HOW TO COMPLETE THIS TASK → The answer is a stretch of the material below, returned exactly: the line containing "Lasagna służył na", the line containing "はっさく大福で有名なはっさく", and all lines between.

DATA RECORDS →
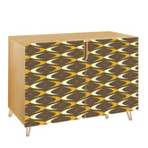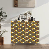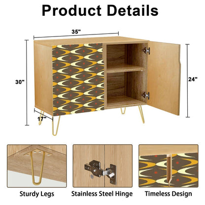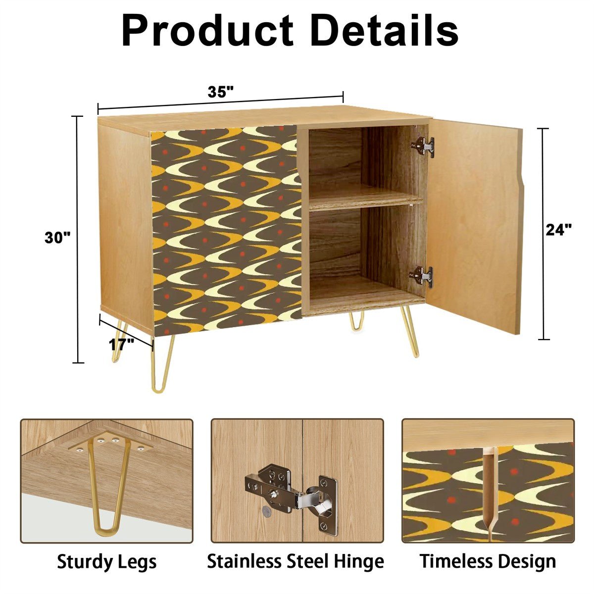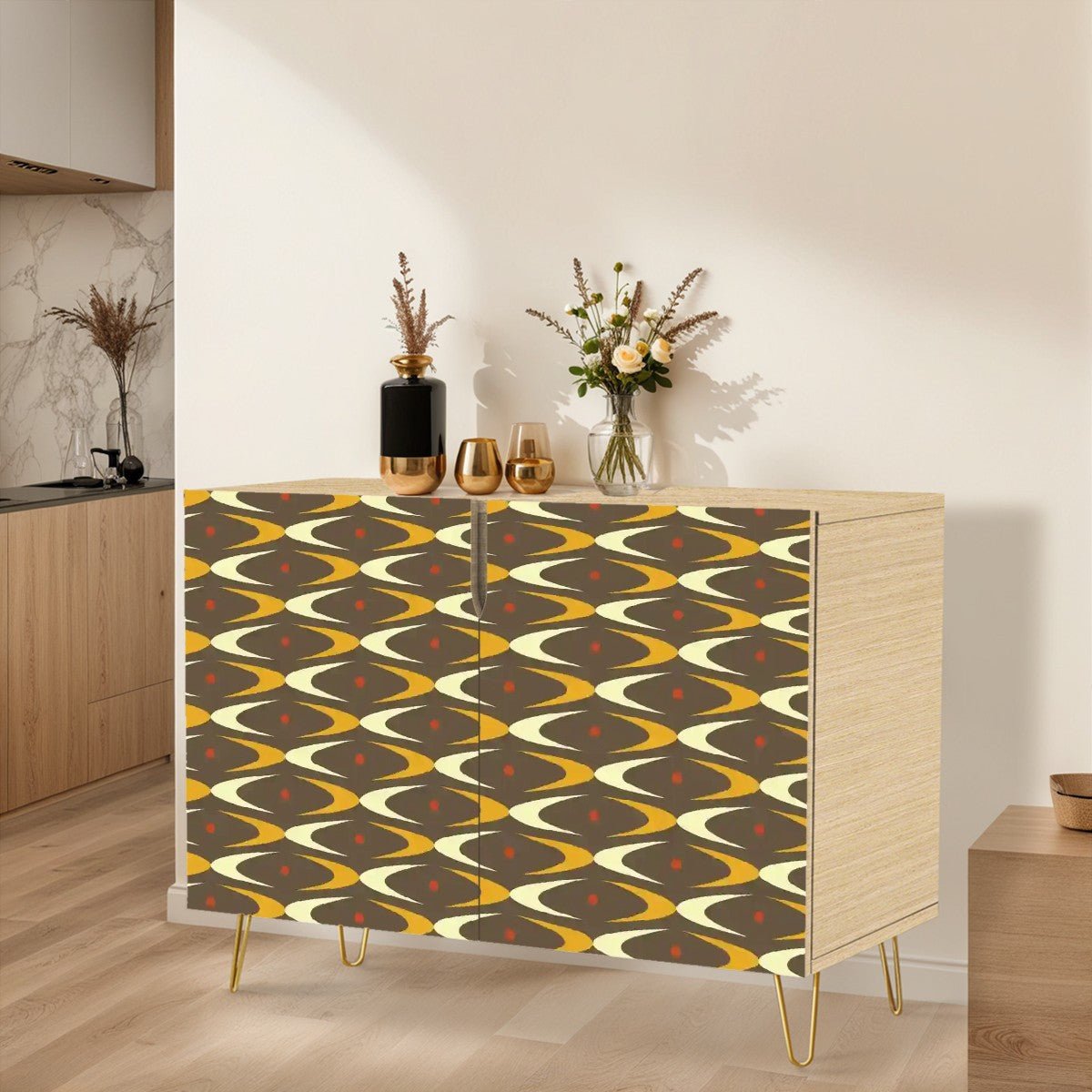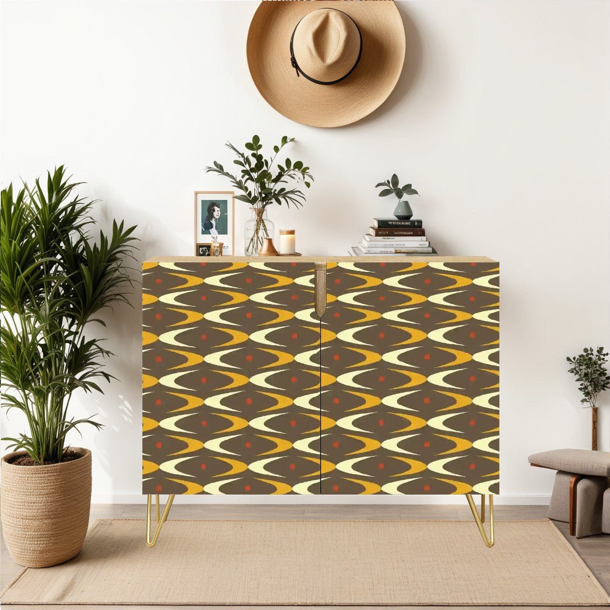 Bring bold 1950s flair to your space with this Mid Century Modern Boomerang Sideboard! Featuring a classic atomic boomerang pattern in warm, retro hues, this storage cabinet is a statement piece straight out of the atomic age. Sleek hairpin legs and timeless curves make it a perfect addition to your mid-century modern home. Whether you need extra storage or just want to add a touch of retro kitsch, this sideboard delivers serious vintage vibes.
---
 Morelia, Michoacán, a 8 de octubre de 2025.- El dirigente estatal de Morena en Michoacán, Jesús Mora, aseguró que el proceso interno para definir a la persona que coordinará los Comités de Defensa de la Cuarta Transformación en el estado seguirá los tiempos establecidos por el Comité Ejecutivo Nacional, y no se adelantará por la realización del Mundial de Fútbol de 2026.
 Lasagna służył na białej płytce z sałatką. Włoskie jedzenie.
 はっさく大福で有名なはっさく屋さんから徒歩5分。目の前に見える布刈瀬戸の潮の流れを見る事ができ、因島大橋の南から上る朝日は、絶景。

RESPONSE FOR THIS EXERCISE →
 Lasagna służył na białej płytce z sałatką. Włoskie jedzenie.
 はっさく大福で有名なはっさく屋さんから徒歩5分。目の前に見える布刈瀬戸の潮の流れを見る事ができ、因島大橋の南から上る朝日は、絶景。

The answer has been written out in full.